He recalled that around 20 minutes into the call, some people who were not invited to the call began interfering and “just began calling racial slurs to the young men who were on the call, being disruptive to the meeting,.”
Sutton said, “We had to end the meeting abruptly in order to limit the exposure to that for our young men.”
Sutton followed up with the students after the call and said that he was proud of how the Sweatt Center students involved handled the situation with composure.
He acknowledged that some group members have been trying to draw in more people from around campus to their events by using social media, and that the appeal to open up meetings to more people may have resulted in the Zoom link being shared to the “zoombombers” in this situation.
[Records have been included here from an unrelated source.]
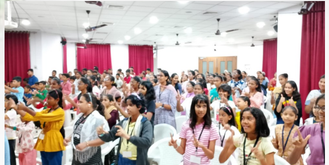
Pics from the children's retreat at Rajkot : LOC team & kids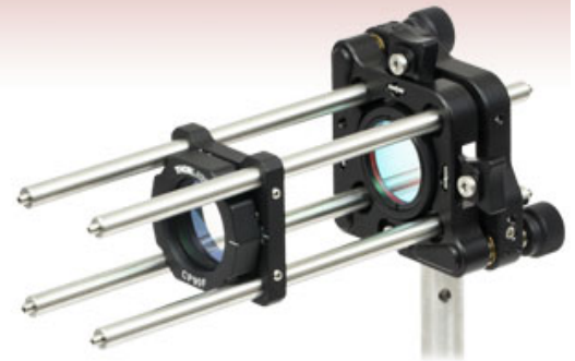
KC1-S Retroreflector Cage (Components Sold Separately)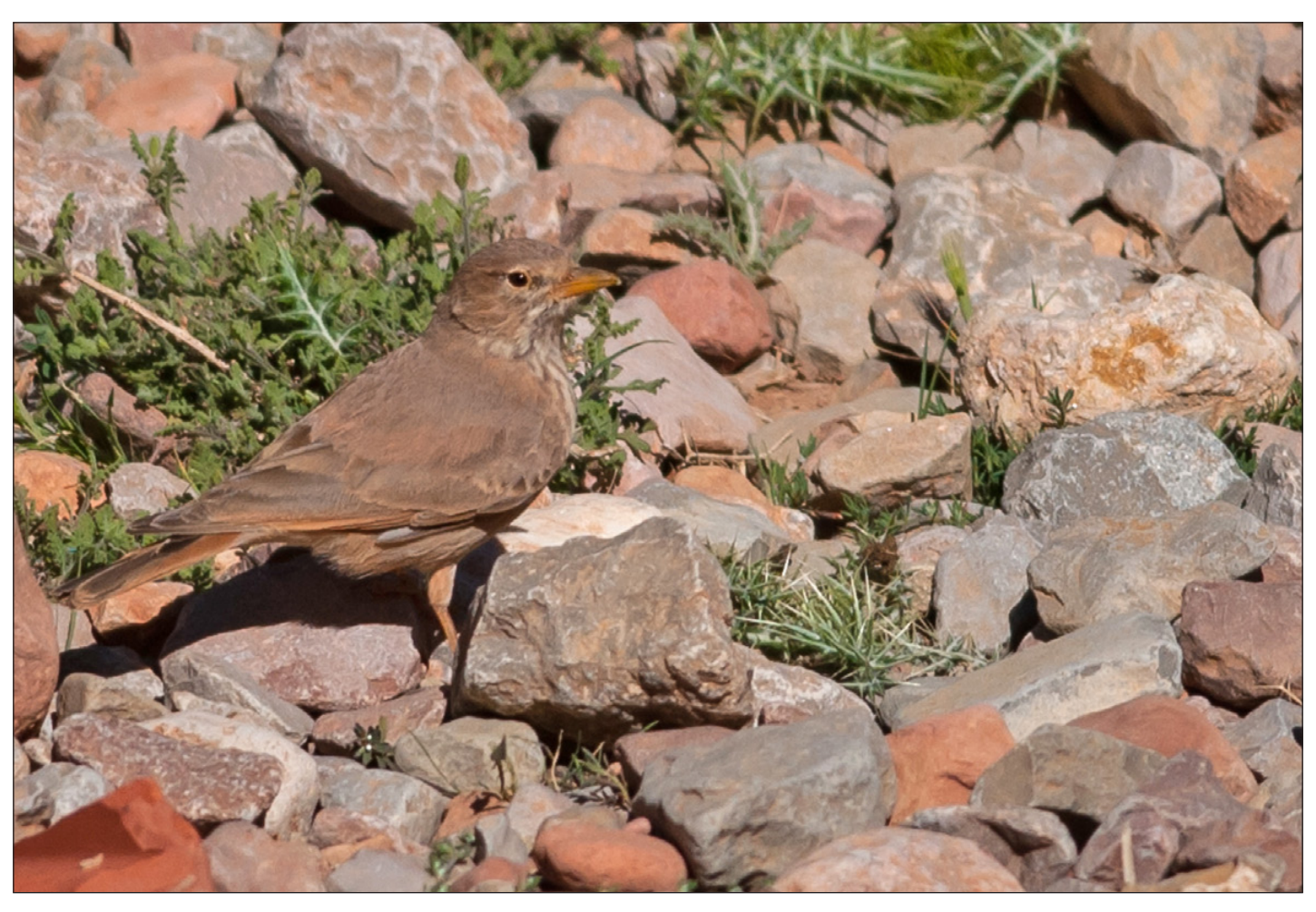
Desert Lark by Chris Poole

Going forward, the group plans to look to safeguards like password protections and private meetings for these types of forums.
“Unfortunately, with putting on other safeguards, it runs the risk, because we are an open forum, for less people to be able to engage, which unfortunately is one of the consequences to this unfortunate event,” Sutton said.
Sutton added that it doesn’t surprise him that an attack like this would happen during a group meeting.
“Yeah we’re in 2020 but we still have a lot of racial, gender, sexist acts that are going on nationwide unfortunately,” he said, noting that more people notice those injustices when they are elevated into the limelight during situations like this.
“My main concern,” he said, “is with the students and that they are taken care of and supported through this, that they can keep their focus and continue with what they’re set out to do, and that at the university level that we can continue to work to make sure this doesn’t happen again”
He added, “I am happy to see the university is responding in such a way.”
Fenves tweeted about the incident Monday night, calling the act “reprehensible,” and “if the perpetrators are member of the UT community, they will be disciplined.”
Zoombombing is when someone, or a group of people, join a meeting hosted on the video-conferencing platform Zoom uninvited and disrupt the meeting. Sometimes, the meetings are joined in an unauthorized fashion via hacking, but other times, the links to the meetings are publicly shared and anyone can join.
The university has a resource page detailing what zoombombing is and how to stop it before it starts. The University of Southern California also recently had a meeting disrupted by a zoombombing.
Due to events like this, Zoom’s security has been called into question. A Zoom spokesperson spoke to Forbes in regard to other zoombombing incidents and offered ways to help combat unwanted guests joining conferences.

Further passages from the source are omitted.